Robin Walker is Under Secretary of State at the Department for Exiting the European Union, and is MP for Worcester.
The Article 50 Bill will be much debated once again this week and, after many hours of lively debate in the Lords, it will then return to the Commons. It is vital both to the interests of the UK as a whole and to the dynamics of the upcoming negotiations that it should progress swiftly and without amendment. The Bill does not set the terms of our EU exit; it is not about whether we leave – that decision was taken by the British people on June 23rd last year – it is simply the permission from Parliament, in line with the judgement of the Supreme Court, for negotiations to begin.
For all those of us who want to achieve a strong and positive partnership with the EU after the UK’s exit, it will be important to begin negotiations on the right foot. A swift move to secure the rights of both EU nationals living in the UK and UK nationals living in the EU at the start of negotiations will be a powerful message of solidarity, demonstrating that we value the contribution of those who have chosen to make their futures here, and understand our moral and legal obligation to look after UK citizens wherever they live. It is also profoundly in the economic interests of the vast number of businesses in the UK who employ people from around the globe. Britain’s position as a global trading nation, as well as our relations with important markets to which we want to secure access, will be protected by such an approach.
The Prime Minister and David Davis have repeatedly made clear that we stand ready to reach such a deal now. But the EU has been clear that there can be no negotiation without notification and therefore, as the Archbishop of York pointed out during debate on the Bill in the Lords last week, passing it is the best and quickest way to resolve the issue and provide reassurance.
Virtuous and tempting as amendments that seek a unilateral declaration on these matters may seem, they misunderstand some of the complexities that are best dealt with through a reciprocal agreement, and they fail to acknowledge our responsibility to ensure UK citizens enjoy the same protections as those we will extend to those from the EU. The Bill is simply about getting the process underway, and getting on with it is the best way to enable the right deal.
In that Lords debate, we heard a wide range of opinions about the progress of negotiations and the means by which Parliament should influence it. We’ve already seen dozens of debates, statements, regular questions and select committee appearances, and I have no doubt that Parliament will continue to have an enormous influence. Parliament will pass all the legislation, from the Great Repeal Bill to consequential primary and secondary legislation, that will determine the nature of our legal and constitutional position on exit and, as the Prime Minister has also made clear, there will be a vote of both Houses on the final agreement. The Government will ensure that Parliament is kept informed throughout the process and has at least as much information as the European Parliament.

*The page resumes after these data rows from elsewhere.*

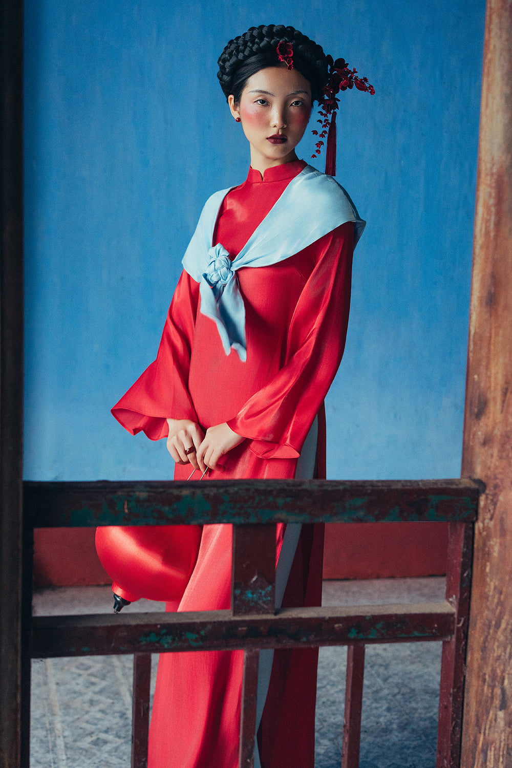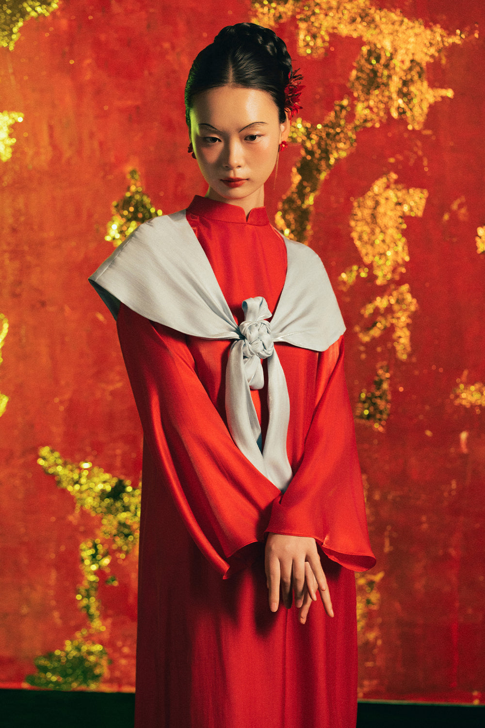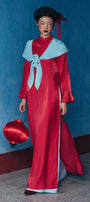 Embrace timeless elegance with a modern twist in this stunning Ao Dai set, featuring a refined mandarin neck that channels classic Vietnamese sophistication. Crafted from luxurious synthetic silk, this ensemble arrives complete with a coordinating scarf—your instant accessory solution. The straight silhouette flatters effortlessly, creating a graceful line that works for celebrations, cultural events, or whenever you want to feel absolutely radiant. Pair it with your favorite heels and let the fluid fabric do the talking.
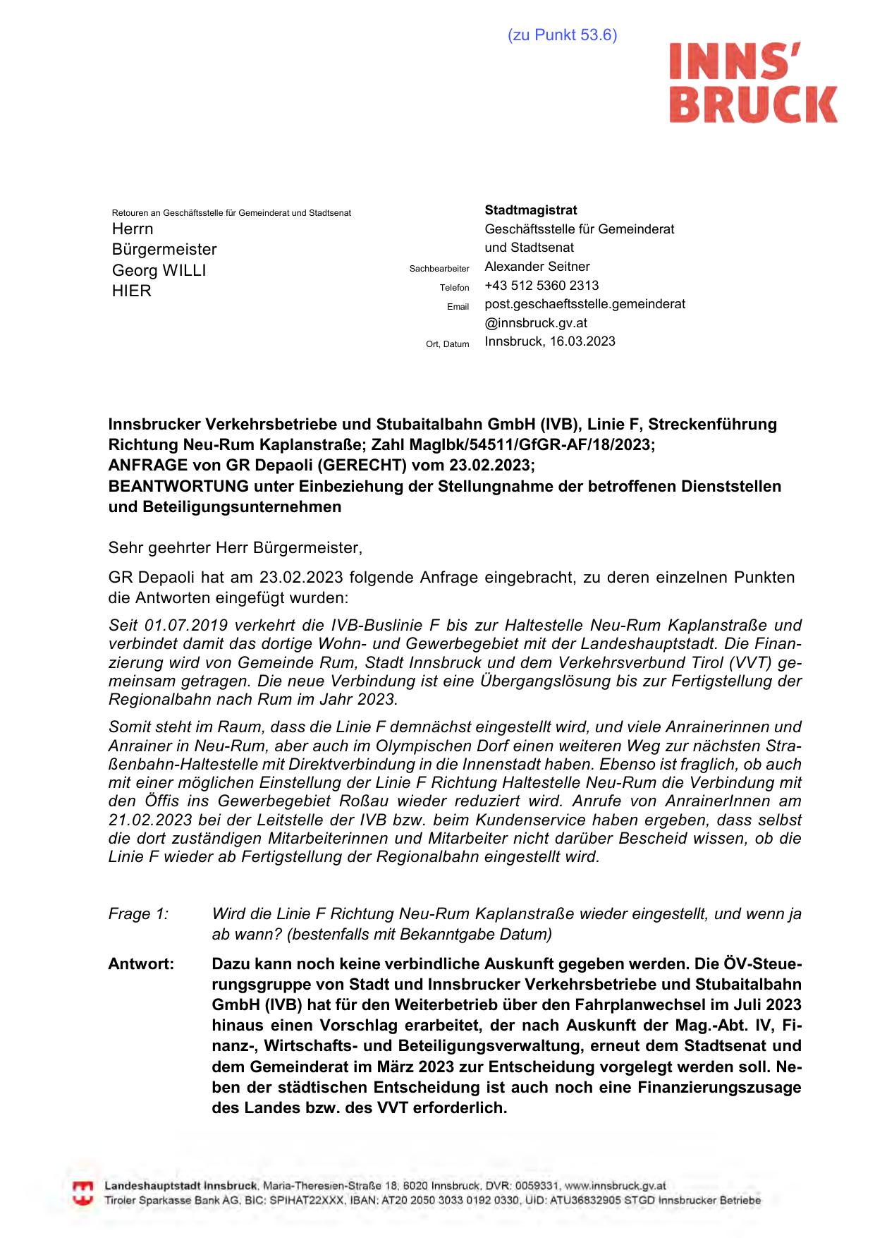 GR Depaoli hat am 23.02.2023 folgende Anfrage eingebracht, zu deren einzelnen Punkten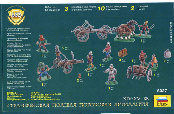Dargestellt sind 3 verschiedene Geschütze mittelalterlicher Schwarzpulver Artillerie inklusive Protzen, Zugpferde und Bedienung zur Zeit des 14-15. Jahrhunderts, im Maßstab 1:72.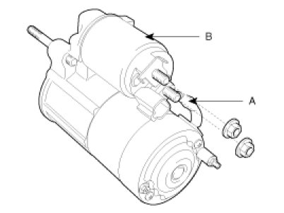 1. Disconnect the M-terminal (A) on the magnet switch assembly (B).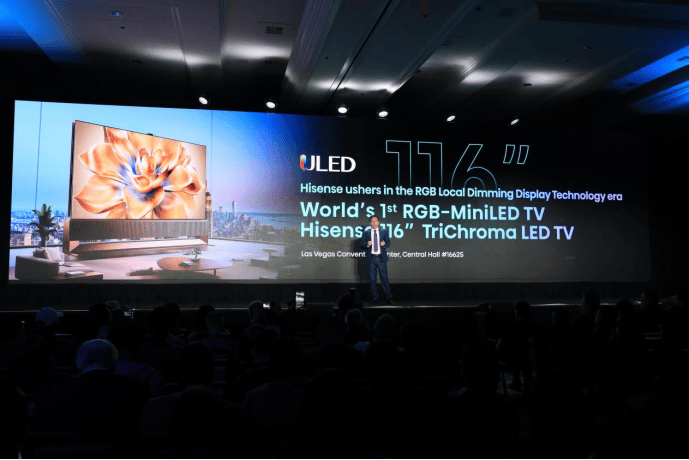 另外,海信还发布了全球首台也是全球最大的116英寸RGB-Mini LED电视,通过RGB三维控色液晶显示技术的加持,也让用户得以更为直观地感受画质的提升。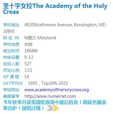 圣十字女校The Academy of the Holy Cross获得了中部学院和中学协会的认证,也获得了马里兰州教育部的认证。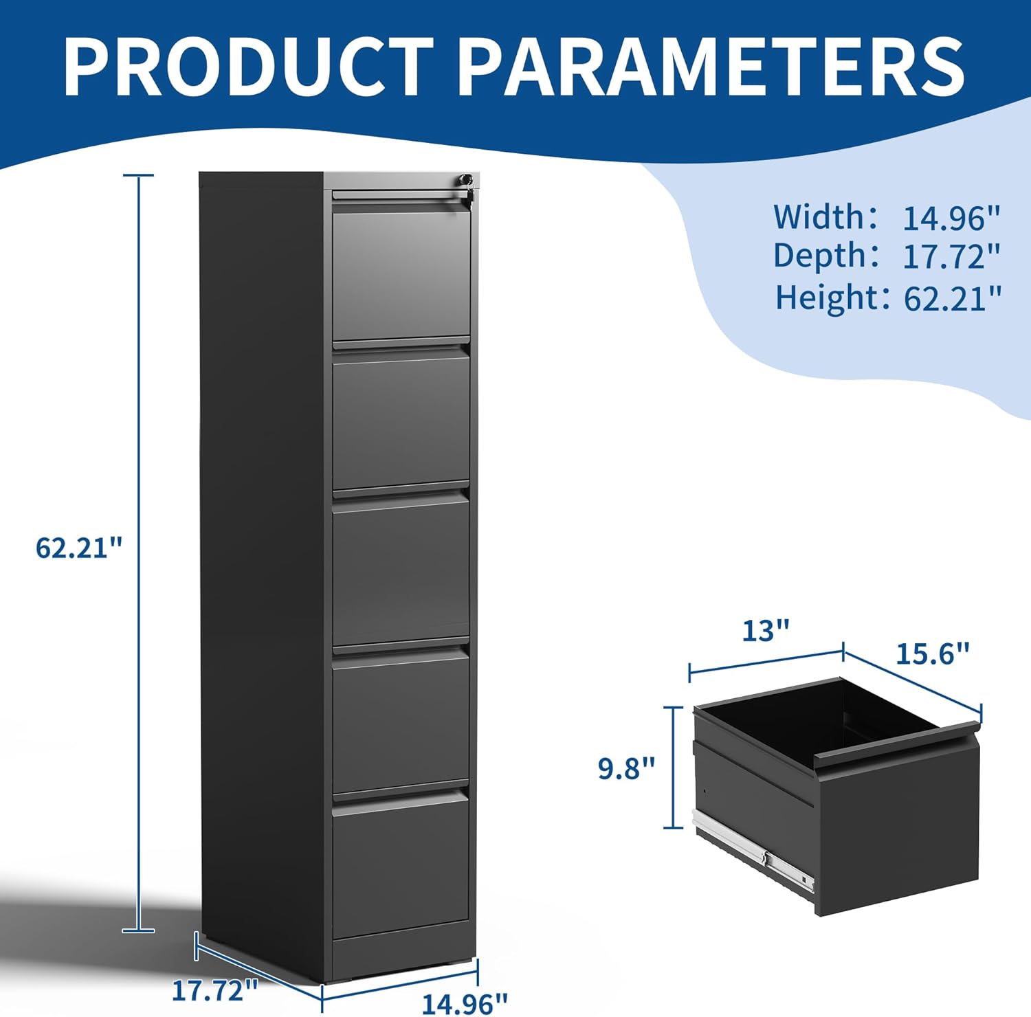 5-Drawer Locking Vertical File Cabinet, Metal Storage Cabinet for Office/Home – Secure Vertical Filing for Letter/Legal/A4/F4 Documents, Easy to Assemble Steel Cabinet (Black, 5 Drawer-64 H)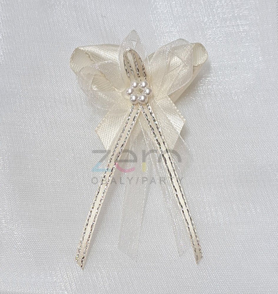 Vonička pro rodiče a svědky o výšce 8 cm. Součástí je i špendlík na přichycení.Barva: slonová kost atlasová + slonová kost se stříbrnými pruhy atlasová + bílá šifónová a bílým perlovým květem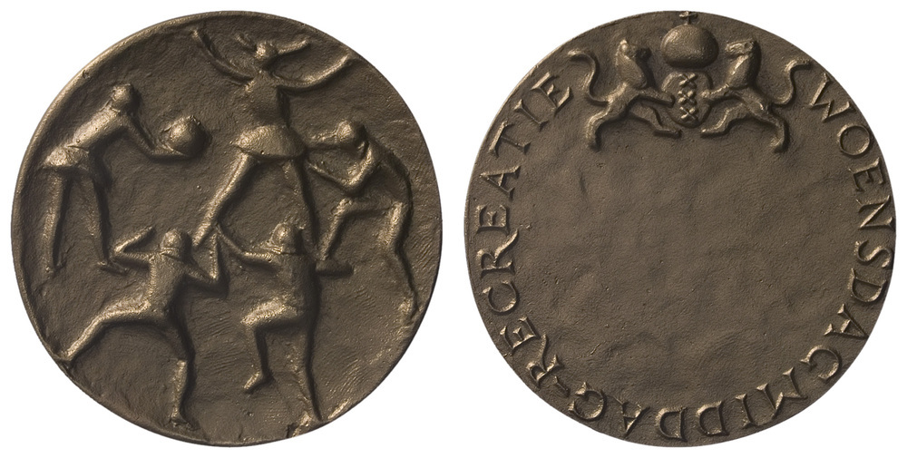 voorzijde: vijf jongelui, drie jongens en twee meisjes, bezig met een balspel. keerzijde: in een omschrift het stadswapen van Amsterdam, gehouden door twee leeuwen rond een leeg veld.- Trefwoorden
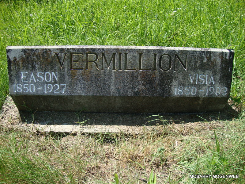 SSW: Visa - Research Note: His first wife was Visia Vermillion. Second wife was Louisa (Withers) Meador, buried at New Site Cemetery with her first husband, James Thomas Meador. His death certificate names his father as Uriah Vermillion and his mother with the maiden name of Ethridge, both born in OH. He had a brother Reason Vermillion which makes things confusing. According to death certificates for both, they were not twins. He was a retired farmer and his wife was given as Louisa Vermillion. Matilda Ethridge was his mother's name. - 1910 Census, Monett, Barry, Missouri - Eason Vermillion, head, age 59, married twice, married 3 years in this marriage, born MO; Louisa, wife, age 58, married twice, married 3 years in this marriage, born MO, mother of 8 children, 8 living. - Another Photo | Death Certificate Donna Cooper Census Phyllis Long Photo Connie Schmidt Photo Nora Eden |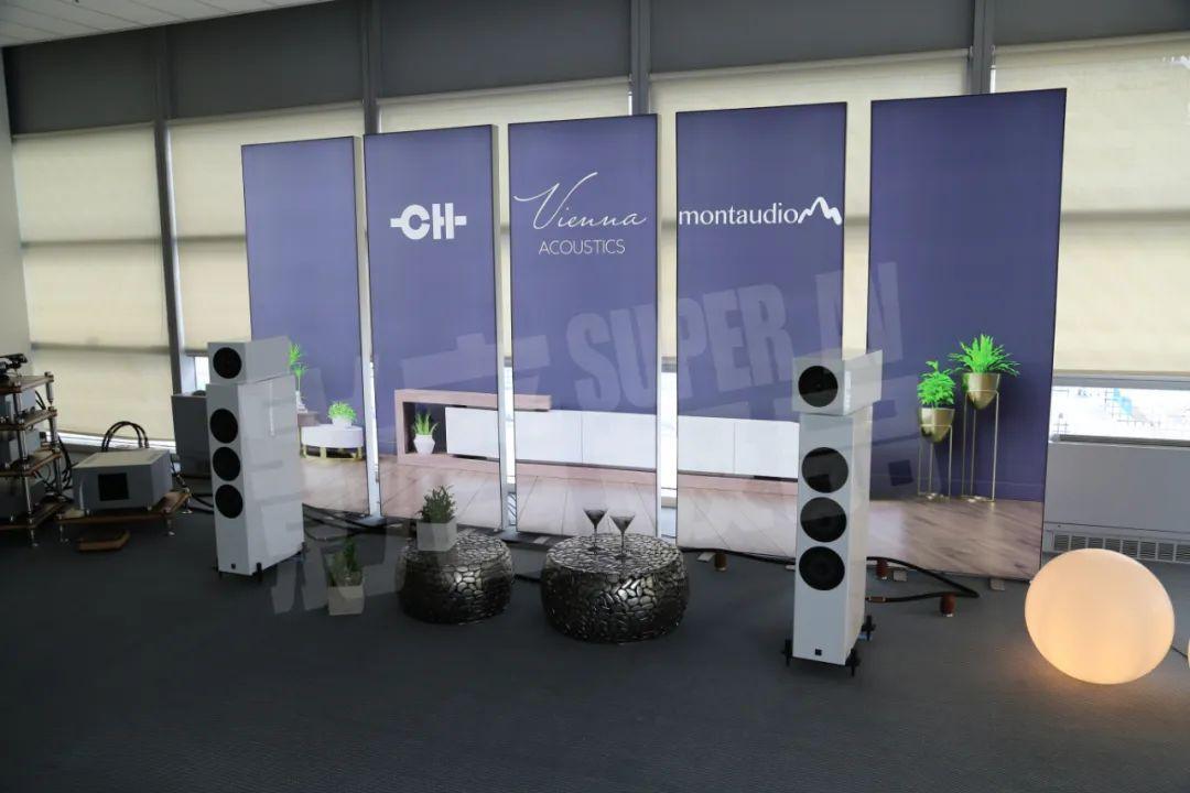 Vienna-Acoustics本年展示了两套系统,分别是无源的Liszt-Reference音箱和有源的Mozart-Infinity音箱,前者由全套瑞士CH Precision驱动,并加入Montaudio全套线材、线托、地盒和机架等产品。Liszt-Reference最大的特点就是中高音同轴单元的独立箱体可以根据皇帝位位置进行中心旋转调节发声指向。

But it was clear from much of the Lords debate that some of those who were calling for a “meaningful final vote” are looking for a choice that simply isn’t there. Too much of the debate in some quarters was a refighting of the referendum, and when some peers suggest that they would be prepared to see the Government brought down to change the result of the referendum, it is clear they are not so much focused on Parliamentary sovereignty as on finding a backdoor way to thwart and reverse the decision of the British people
If we were to pretend, contrary to the wording of Article 50 itself, that the whole process could simply be reversed at the last minute, or that Parliament could say no to a deal and return us to the status quo before the referendum, it would only serve to incentivise the most negative and aggressive approach from our negotiating counter-parties. This would be profoundly against the interests of a good negotiation and the UK national interest.
Waiting to trigger Article 50 until after the UK could prepare and set out its strategy was the right thing to do. We are in consequence better prepared, better informed on the needs of business and all sectors of the economy, and we have built up a better understanding of the steps that need to be taken during and through the process to secure the best outcome for the UK.
Delaying the Bill, complicating it or making elements of it justiciable would however be profoundly damaging not only to the UK, but to the whole prospect of a future partnership between the UK and the EU. We need to get on with negotiating, to show our counterparts that our approach and our requests are reasonable, and to reassure millions of people living on both sides of the Channel.
The straightforward passage of this Bill, already supported by a majority of five to one in the Commons, is the best way to achieve those aims.